— Problem to solve —
Restate each entry exactly, without pictures.

=-=-=

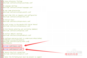 接着搜索以下内容:【Include conf/vhosts.conf】,在其下面增加一条引用内容:【Include conf/vhostssl.conf】,
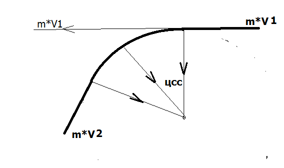 Вот тело движется по инерции прямолинейно и равномерно. У него есть количество движения -импульс m*V.
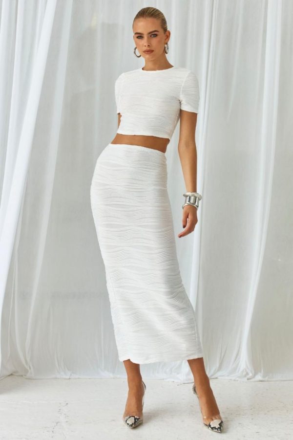 Our effortlessly chic Kirra Top features a contemporary cropped length with a sophisticated high neckline and versatile short sleeves crafted from a beautiful textured fabric. Create the perfect coordinated ensemble by pairing this with our matching Kirra Midi Skirt. This stylish piece is unlined with a delicate sheer quality and offers comfortable stretch for easy movement. Fabric: 95% Polyester and 5% Spandex. Please refer to care label for garment care instructions, Colours may appear slightly different to the website due to lighting, computer picture resolution and monitor settings.
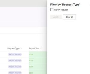 Try adding indexing on your Request Type column, follow: Add an index to a list or library column
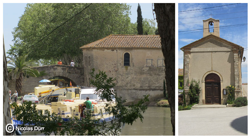 Ci dessous, photo du bas, à gauche, un gîte qui hébergeait et proposait le souper autrefois aux voyageurs de la 3ème couchée de la barque de poste en provenance de Toulouse, au centre, le pont (1683) délimitant les communes de Ginestas et Saint-Nazaire d’Aude, à droite, la chapelle (1693, agrandie au 19ème siècle), toujours en activité en 2012.
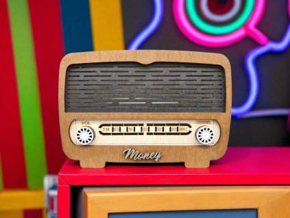 Popisovatelná dřevěná pokladnička ve stylu starého rádia s mazací vrstvou. Naspoř si 10 000,-
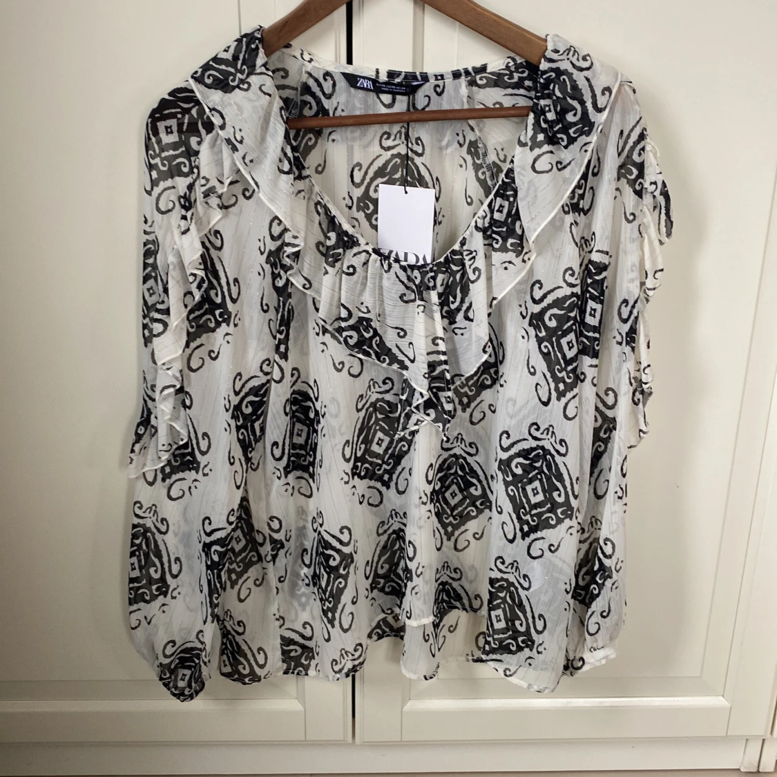 En fin blus från Zara, den är luftig och skön mot huden. Den är v ringad. Lappen är kvar, köpt för 329kr säljer för 250kr. Storlek XS men lite stor i storleken så passar fint för S också
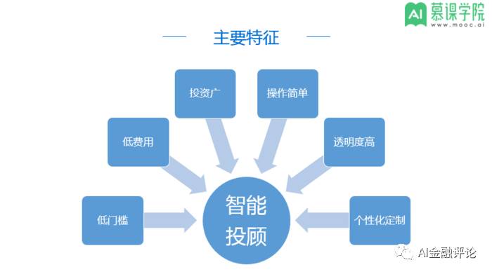 传统投顾一对一的投资理财询问服务有成本高,服务对象少、知识储备不足,经验较少、存在道德风险等缺点。智能投顾将人工智能和大数据等技术引入投资顾问领域,可以处理海量的信息,快速应对时势。具有低门槛、低费用、投资广、易操作、透明度高和个性化定制六大优势和特点。
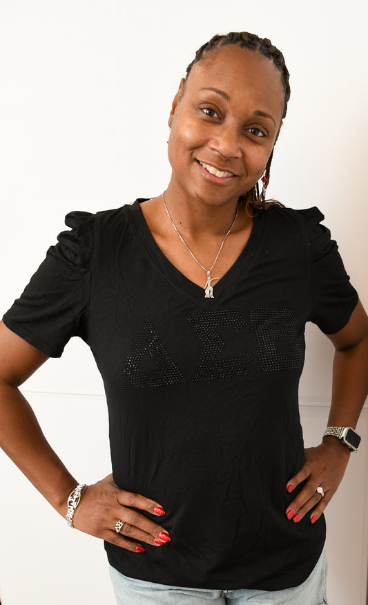 Women's V-Neck Casual Puff Sleeve Black Top with DST Symbol in Black Bling
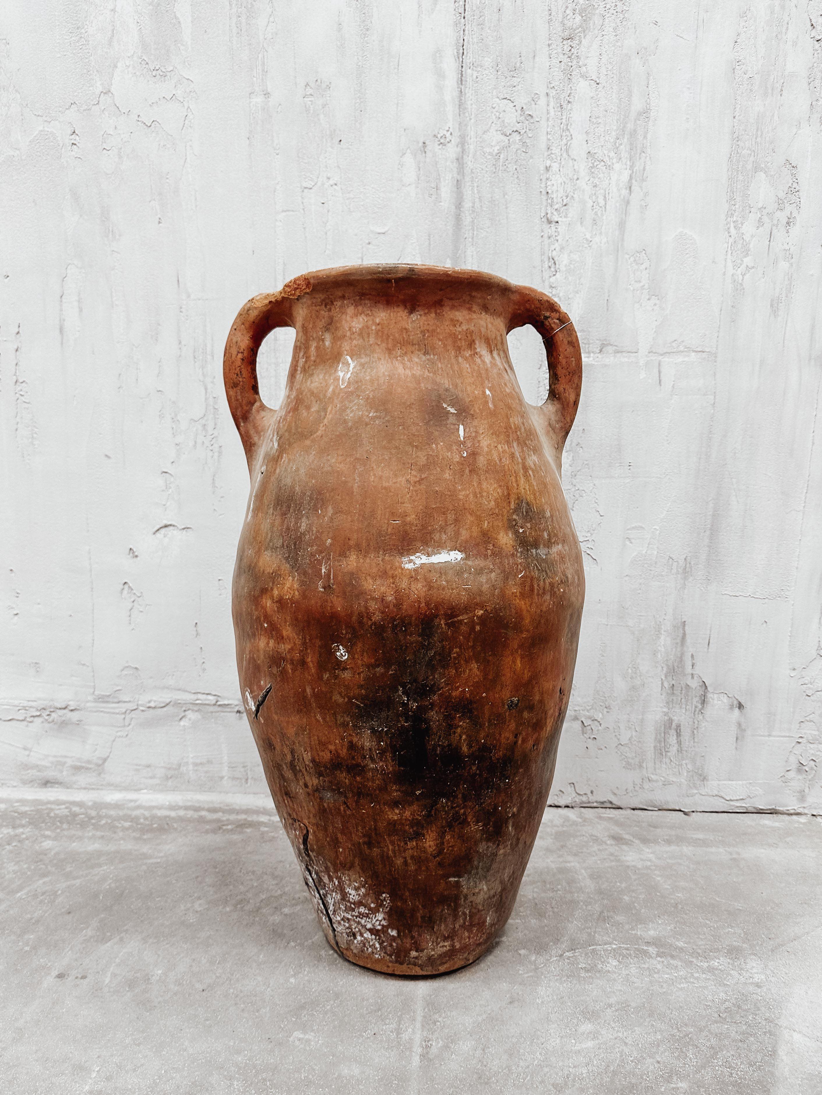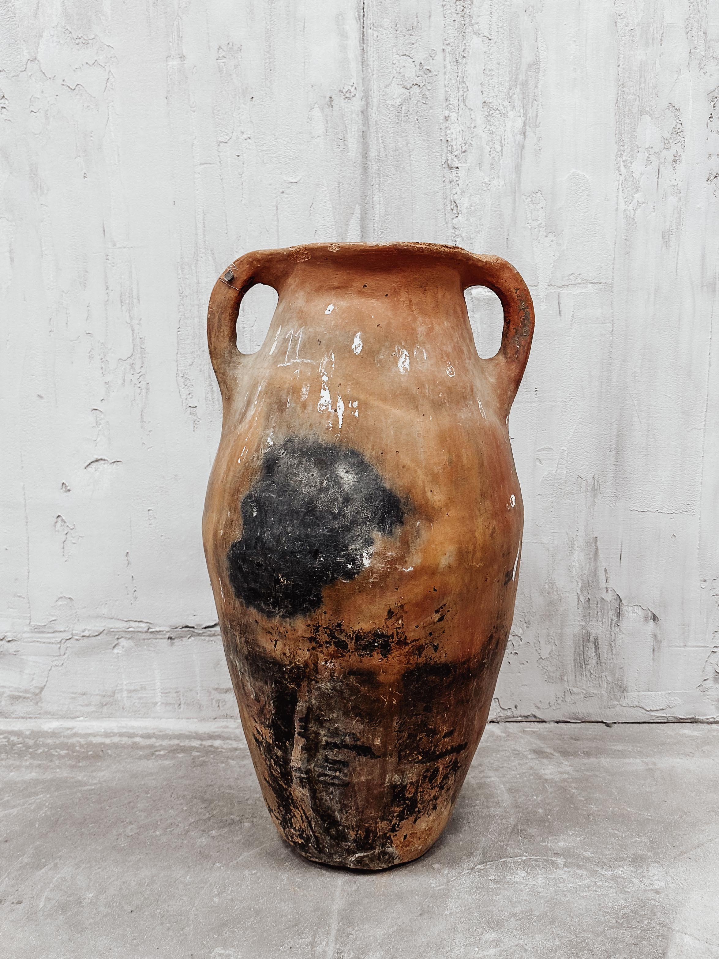 Sehr (!) schwerer und dunkler türkischer Tontopf, der einst zum Aufbewahren von Melasse, Käse und Butter diente. Diese Töpfe wurden einst von Nomadenvölkern handgefertigt und zurückgelassen, wenn sie an andere Orte weiterzogen. Die Töpfe sind verwittert und asymmetrisch, was ihnen einen einzigartigen Charme verleiht.

=-=-=

— Expected output —
 接着搜索以下内容:【Include conf/vhosts.conf】,在其下面增加一条引用内容:【Include conf/vhostssl.conf】,
 Вот тело движется по инерции прямолинейно и равномерно. У него есть количество движения -импульс m*V.
 Our effortlessly chic Kirra Top features a contemporary cropped length with a sophisticated high neckline and versatile short sleeves crafted from a beautiful textured fabric. Create the perfect coordinated ensemble by pairing this with our matching Kirra Midi Skirt. This stylish piece is unlined with a delicate sheer quality and offers comfortable stretch for easy movement. Fabric: 95% Polyester and 5% Spandex. Please refer to care label for garment care instructions, Colours may appear slightly different to the website due to lighting, computer picture resolution and monitor settings.
 Try adding indexing on your Request Type column, follow: Add an index to a list or library column
 Ci dessous, photo du bas, à gauche, un gîte qui hébergeait et proposait le souper autrefois aux voyageurs de la 3ème couchée de la barque de poste en provenance de Toulouse, au centre, le pont (1683) délimitant les communes de Ginestas et Saint-Nazaire d’Aude, à droite, la chapelle (1693, agrandie au 19ème siècle), toujours en activité en 2012.
 Popisovatelná dřevěná pokladnička ve stylu starého rádia s mazací vrstvou. Naspoř si 10 000,-
 En fin blus från Zara, den är luftig och skön mot huden. Den är v ringad. Lappen är kvar, köpt för 329kr säljer för 250kr. Storlek XS men lite stor i storleken så passar fint för S också
 传统投顾一对一的投资理财询问服务有成本高,服务对象少、知识储备不足,经验较少、存在道德风险等缺点。智能投顾将人工智能和大数据等技术引入投资顾问领域,可以处理海量的信息,快速应对时势。具有低门槛、低费用、投资广、易操作、透明度高和个性化定制六大优势和特点。
 Women's V-Neck Casual Puff Sleeve Black Top with DST Symbol in Black Bling
 Sehr (!) schwerer und dunkler türkischer Tontopf, der einst zum Aufbewahren von Melasse, Käse und Butter diente. Diese Töpfe wurden einst von Nomadenvölkern handgefertigt und zurückgelassen, wenn sie an andere Orte weiterzogen. Die Töpfe sind verwittert und asymmetrisch, was ihnen einen einzigartigen Charme verleiht.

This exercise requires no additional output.